Segment Open

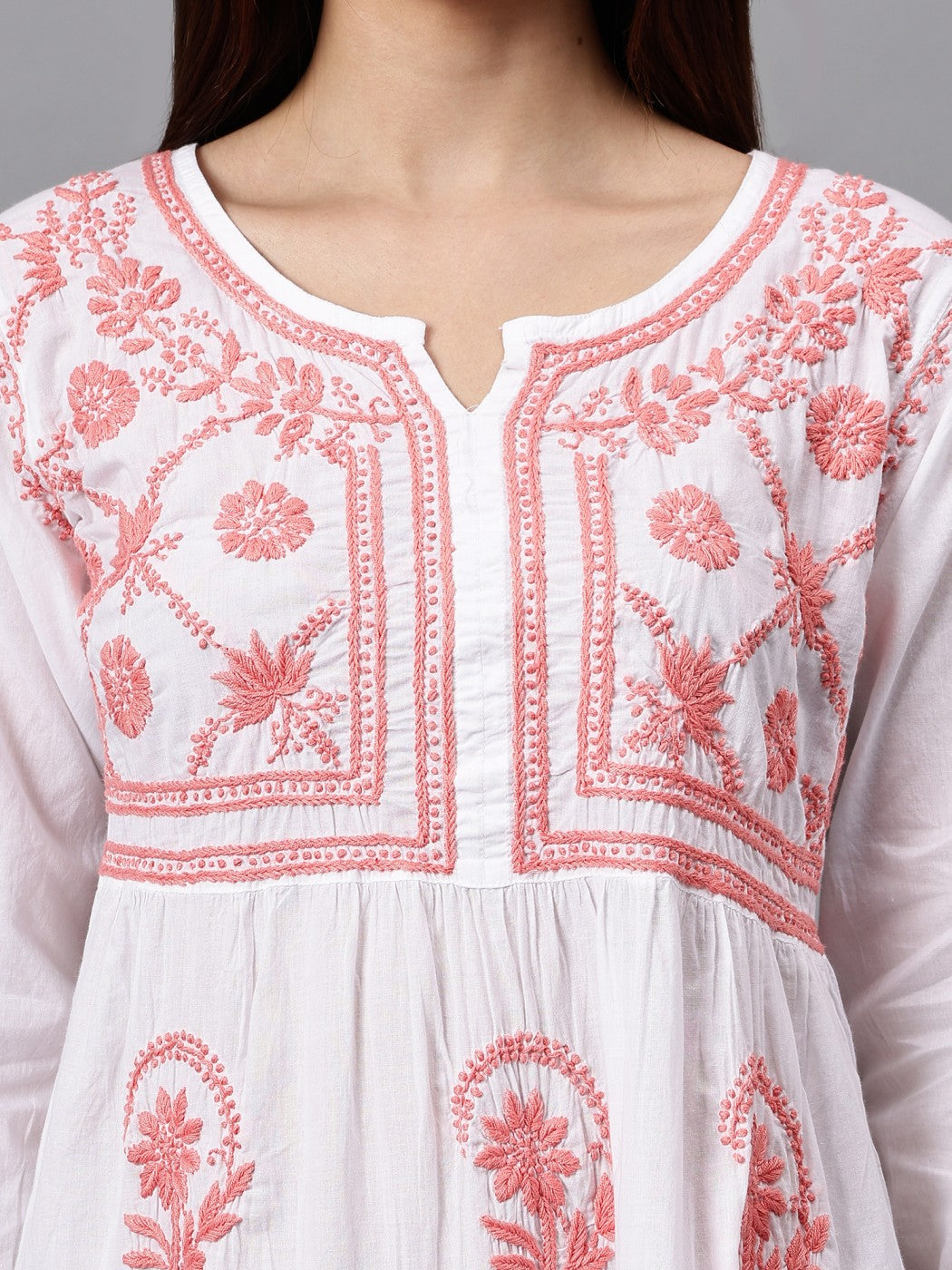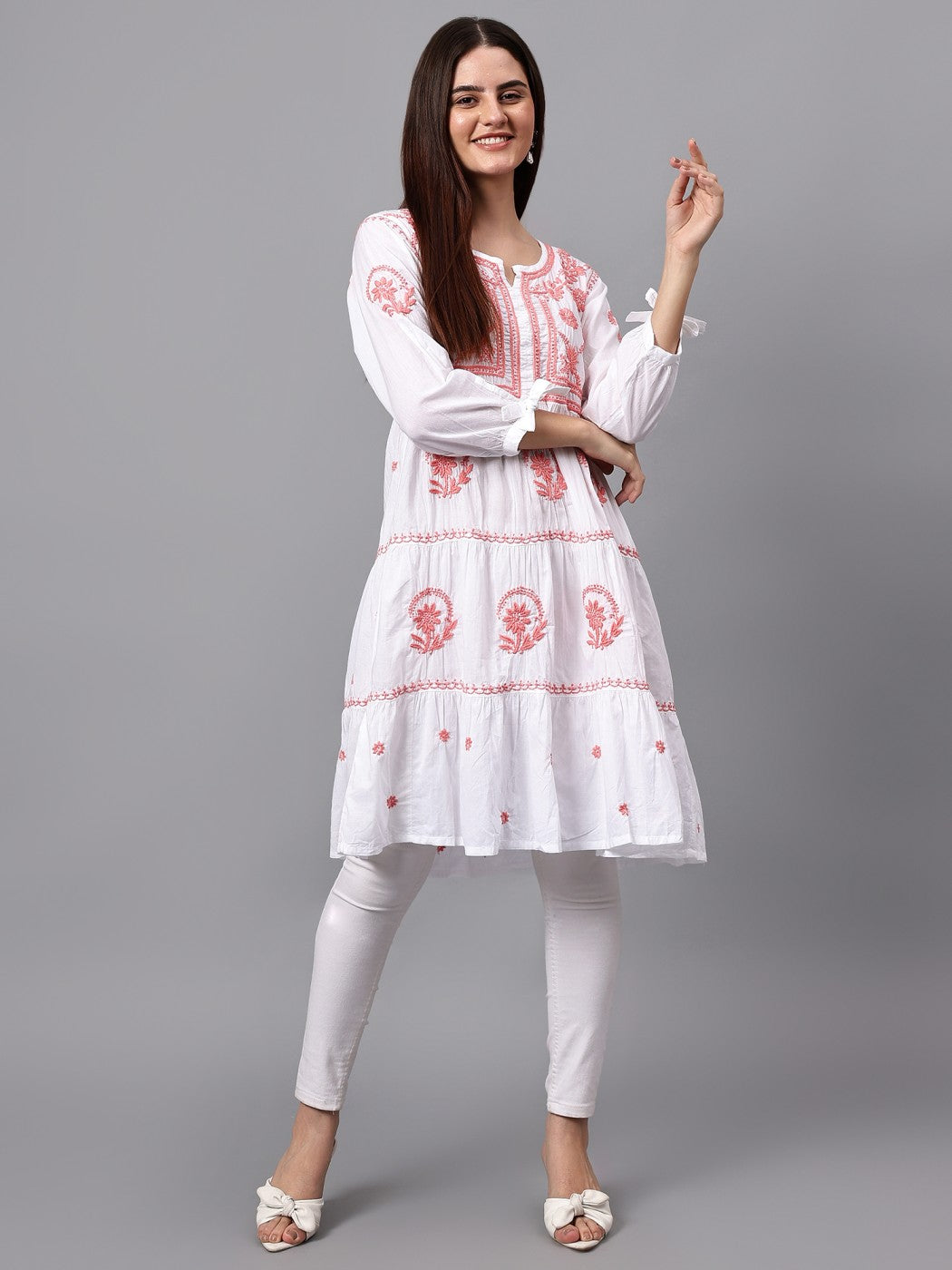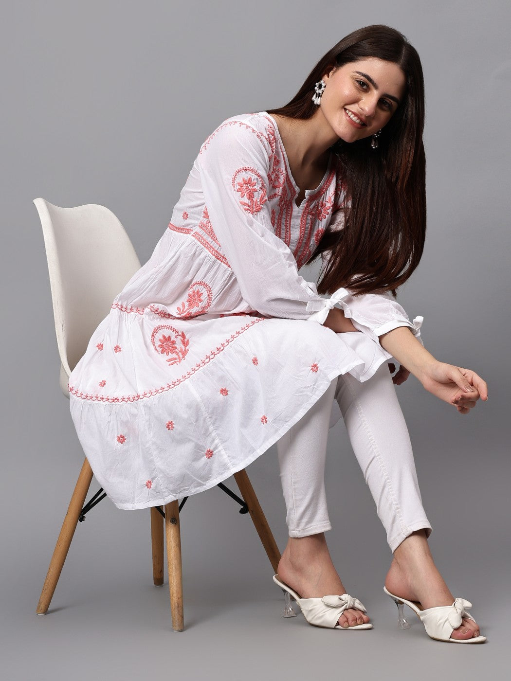 Librose Lucknowi Chikankari pure soft cotton tunic short Gown for girls and women
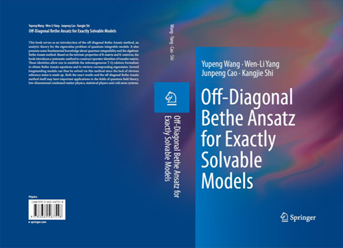他们的系列工作发表后立刻受到广泛关注,认为是“突破性”工作,解决了“长期遗留”难题。经多位国际同行建议,由王玉鹏研究员、杨文力教授、曹俊鹏研究员和石康杰教授合著的《Off-Diagonal Bethe Ansatz for Exactly Solvable Models》一书于2015年由Springer Verlag出版。该书系统地介绍了非对角贝特假定方法以及相关进展,知识框架完整,不但包含必需的基础知识,还包含一些专为本书而做的内容。最近,美国迈阿密大学的R.I. Nepomechie教授,美国俄克拉何马州立大学的J.H.H.H. Perk教授,澳大利亚墨尔本大学的P.A. Pearce教授及澳大利亚国立大学的M.T. Batchelor教授等分别发表书评,认为“作者提出的方法和非齐次T-Q关系是重大突破,解决了长期遗留难题,书中介绍的内容会有持久影响”。
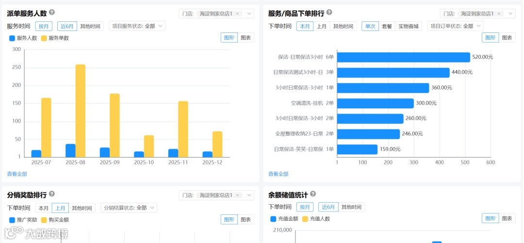 对于预付费业务,“余额储值统计” 则帮助他更好地管理现金流与客户消费预期。
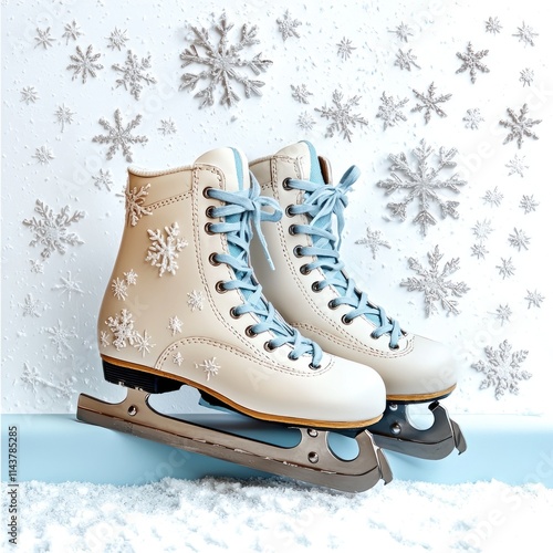 Elegant Ice Skates with Snowflakes on Background, Perfect for Winter Sports, Holiday Season, Ice Rink and Figure Skating Promotions
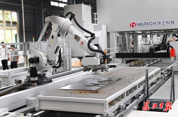 长江日报大武汉客户端7月1日讯 7月1日,长江日报记者走进宽敞明亮的华工科技中央研究院中试基地,巨大的机器人手灵巧地抓取钢板进行激光切割加工、传递上下料产线演示。中试基地是一个集中试开发、生产工艺试验、新工艺放大和成果推广为一体的综合性技术研发基地。
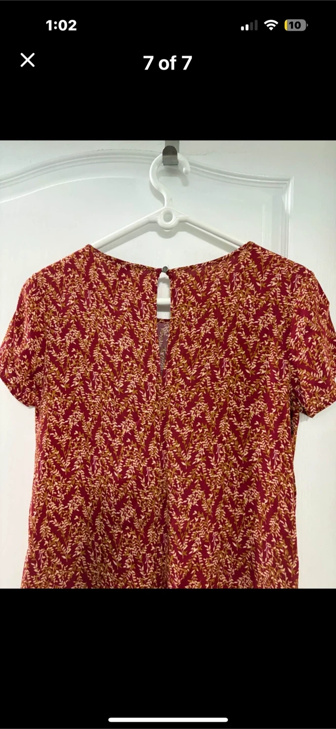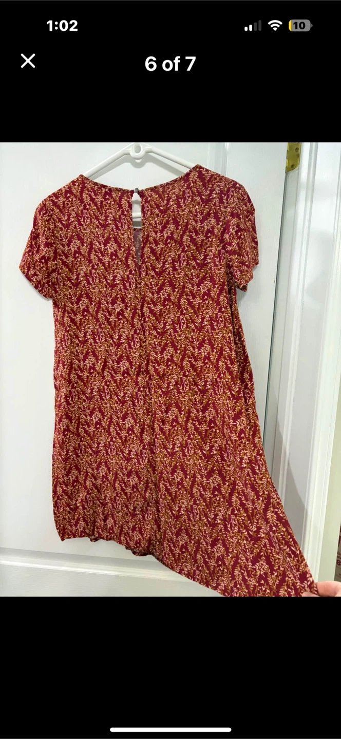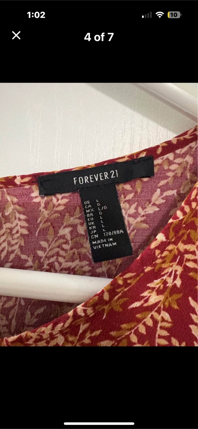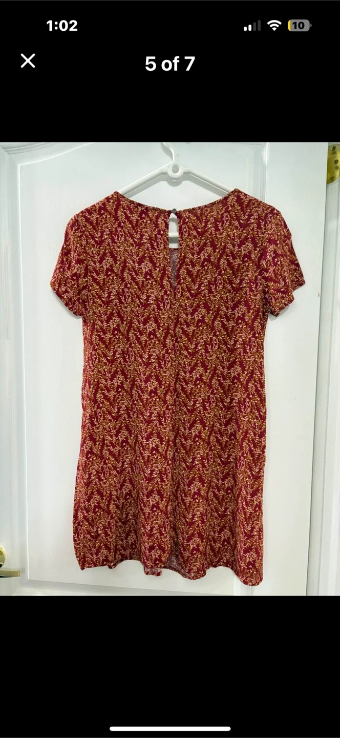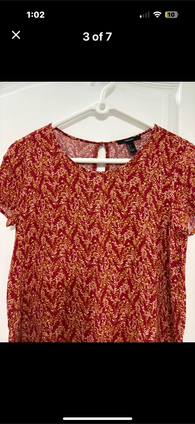 Selling a cute Forever 21 dress in size large! It features a red and gold leaf-like pattern. Perfect for a casual day out or dressing up for an evening event. In great condition! Pickup in Brampton📍 Please checkout my other listings ℹ thanks 😊

Segment Closed

PROBLEM DETAILS :: Leave out the pictures and set down all of the data exactly.

EXERCISE OUTPUT ::
 Librose Lucknowi Chikankari pure soft cotton tunic short Gown for girls and women
他们的系列工作发表后立刻受到广泛关注,认为是“突破性”工作,解决了“长期遗留”难题。经多位国际同行建议,由王玉鹏研究员、杨文力教授、曹俊鹏研究员和石康杰教授合著的《Off-Diagonal Bethe Ansatz for Exactly Solvable Models》一书于2015年由Springer Verlag出版。该书系统地介绍了非对角贝特假定方法以及相关进展,知识框架完整,不但包含必需的基础知识,还包含一些专为本书而做的内容。最近,美国迈阿密大学的R.I. Nepomechie教授,美国俄克拉何马州立大学的J.H.H.H. Perk教授,澳大利亚墨尔本大学的P.A. Pearce教授及澳大利亚国立大学的M.T. Batchelor教授等分别发表书评,认为“作者提出的方法和非齐次T-Q关系是重大突破,解决了长期遗留难题,书中介绍的内容会有持久影响”。
 对于预付费业务,“余额储值统计” 则帮助他更好地管理现金流与客户消费预期。
 Elegant Ice Skates with Snowflakes on Background, Perfect for Winter Sports, Holiday Season, Ice Rink and Figure Skating Promotions
 长江日报大武汉客户端7月1日讯 7月1日,长江日报记者走进宽敞明亮的华工科技中央研究院中试基地,巨大的机器人手灵巧地抓取钢板进行激光切割加工、传递上下料产线演示。中试基地是一个集中试开发、生产工艺试验、新工艺放大和成果推广为一体的综合性技术研发基地。
 Selling a cute Forever 21 dress in size large! It features a red and gold leaf-like pattern. Perfect for a casual day out or dressing up for an evening event. In great condition! Pickup in Brampton📍 Please checkout my other listings ℹ thanks 😊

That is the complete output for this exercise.